Curcumin and magnesium, google it. It works and be careful with the amlodipine because it can cause edema. Also Berberine is good for bp and acts as a diuretic. I have white coat syndrome so I always take my bp the night before a doctors visit and a pic to show the doc. I always take two readings with two monitors for doc visit. These numbers are late evening and totally relaxed so slightly higher in midday. God bless.

A
Rbdeals profile image
Rbdeals

Not sure if this will be of any help but I had similar BP readings after suffering from an AFIB episode in 2018. Took a few years to figure out what was causing it (doctor originally thought it was a pinched nerve in the neck). She then asked me if I snore (YES!) and recommended a sleep study. Turned out I had severe sleep apnea and was fighting to breathe all night long. Sleep center prescribed a CPAP and my BP immediately went back to normal and I was off BP meds in days. Have been using it ever since and still does the job even after my PC diagnosis in Sept 2024 (currently on Orgovyx and Nubequa, and done with radiation about 4 weeks ago). Just something to consider

NecessarilySo profile image
NecessarilySo

Amlodipine.

MateoBeach profile image
MateoBeach

One particular class of antihypertensive drugs has shown a very strong anticancer/antimetastasis effect as well as managing hypertension, either alone or combined with another drug such as low dose diuretic. The two medications most well documented for helping with PCa are: Prazosin and Doxazosin. Of the two I prefer Doxazosin as it has a longer half life for steadier levels. Search " doxazosin and prostate cancer" or "prazosin and prostate cancer" and you will find the research to discuss with your doctor.

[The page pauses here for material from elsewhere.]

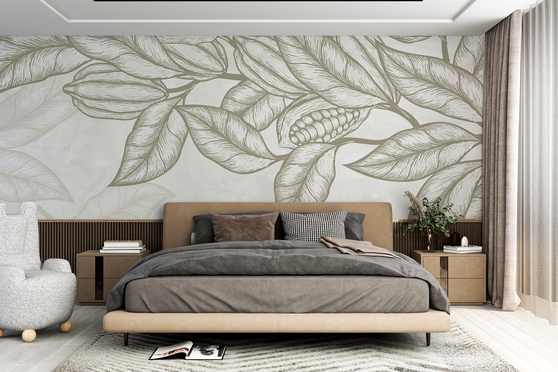 Stel je voor: je loopt je woonkamer binnen en BAM! Je wordt begroet door de weelderige bladeren en bonen van de “Fotobehang Plant”. Het is net je eigen tropische ontsnapping. Echt, wie heeft er vakantie nodig als je muur een mini-jungle is? Het ontwerp is zo levendig dat je half verwacht dat de bladeren beginnen te ritselen of de bonen openspringen. Het is net alsof je een stukje serene natuur op je muur hebt, zonder de insecten en de vochtigheid. Met deze muurschildering haal je een beetje van het buitenleven naar binnen, terwijl het toch stijlvol en o-zo-gezellig blijft.

ONe strong precaution with either of these meds that are alpha-blockers: They must be started at very low doses for the first few days so the body adjusts to them. Otherwise they can result in postural hypotension, fainting upon standing. The low dose (1/2 mg of doxazosin) should be taken at bedtime the first few days. And if you get up during the night, sit at the bedide for a minute or two before fully standing. After a few days this generally goes away and the dose can be gradually increased to achieve good BP control. It is worth the trouble to get the double-barreled benefits on BP and on the cancer. I take 2 mg doxazosin morning and nights along with low-doose diuretic (25mg Chlorthalidone) and have Excellent BP and my mHSPC is fully contained (PSA undetectable for 3 years). Paul/MB

Manilo profile image
Manilo

I take meds to Lower the pressure to normal levels

j-o-h-n profile image
j-o-h-n

To quote 85236442968:

If your current cardiologist is not helping you, MOVE ON.

Kick him in the balls before you move on, if the doc is a female, kick her husband in the balls then move on. That's quoting me.

Good Luck, Good Health and Good Humor.

j-o-h-n

RoseDoc profile image
RoseDoc

Hypertension can be a side effect of long term treatment, especially if you are gaining weight. A BP that high consistently, will need to be treated. You should contact your primary doc and set up an appointment. I usually advise patients to keep a BP log. Once a day, different times, take your BP and record it on a spreadsheet including date/time/reading. Once daily is sufficient. Bring this log in when you see your primary. We treat the trend, not single readings. I would also encourage you to exercise daily and a low salt diet.

To my knowledge, none of the commonly used BP meds cause issues with your treatment. Assuming your kidney function tests are normal (BUN, creatinine) you would be started on an angiotensin releasing inhibitor or blocker.

gsun profile image
gsun

Ditch the prednisone and take dexamethosone. I did it and my BP dropped like a stone.

marc_andersun profile image
marc_andersun

My situation similiar to yours as am on abiraterone, prednisone and ADT (orchiectomy). My BP was around 160/100. Finally got it under control with dual medications of 100mg losartan (morning) and 5mg amlodipine (bedtime). It's been at 120/80 now, even at the doctor.

jackwfrench profile image
jackwfrench

I am on Lupron, abi, and pred (17 months) as well. I take 320mg of Valsartan for my high blood pressure; which I had already been taking for years, but I still have pretty high BP.